Anan (阿南町, Anan-chō) is a town located in Nagano Prefecture, Japan. As of 1 April 2019, the town had an estimated population of 4,616 in 2058 households, and a population density of 38 persons per km^{2}. The total area of the town is 123.07 sqkm.

==Geography==
Located at the southern tip of Nagano Prefecture, Anan is surrounded by the Japanese Alps. The center of the town located on the right bank of the Tenryū River.

===Climate===
The town has a climate characterized by hot and humid summers, and cold winters (Köppen climate classification Cfa). The average annual temperature in Anan is 11.7 °C. The average annual rainfall is 2023 mm with September as the wettest month. The temperatures are highest on average in August, at around 23.6 °C, and lowest in January, at around 0.0 °C.
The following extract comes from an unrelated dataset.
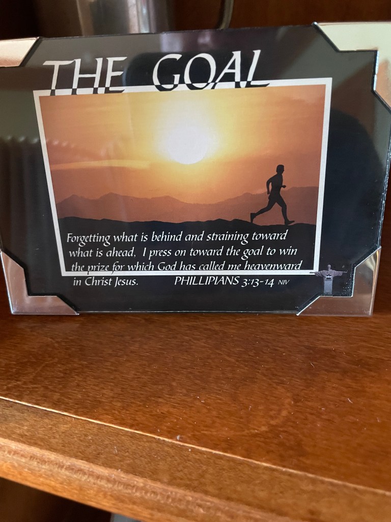 I listened to her and then suddenly she pulled this framed piece out of her purse and gave it to me. She said that Dan had always treasured it and looked at it every day during his suffering and treatments. She said it gave him peace that she could not quite understand. She also said ,incredibly, that it was the only thing that survived the fire by way of personal belongings. It was untouched and unscathed. She couldn’t believe it and wanted me to have it back because she knew how much it meant to me and to Dan and that I could remember him when I looked at it. As hard as life was for her, she became a believer, and now has moved on in her quest for her own prize.

===Surrounding municipalities===
- Aichi Prefecture
  - Toyone
- Nagano Prefecture
  - Achi
  - Hiraya
  - Shimojō
  - Tenryū
  - Urugi
  - Yasuoka

== Demographics ==
Per Japanese census data, the population of Ana has been declining over the past 70 years.

==History==
The area of present-day Anan was part of ancient Shinano Province. The modern town was established on July 1, 1957, by the merger of the villages of Oshimojo, Wago and Asage.

==Education==
Anan has four public elementary schools and two public junior high schools operated by the town government. The town has one public high school operated by the Nagano Prefectural Board of Education.

==Transportation==
===Railway===
- The town does not have any passenger railway service.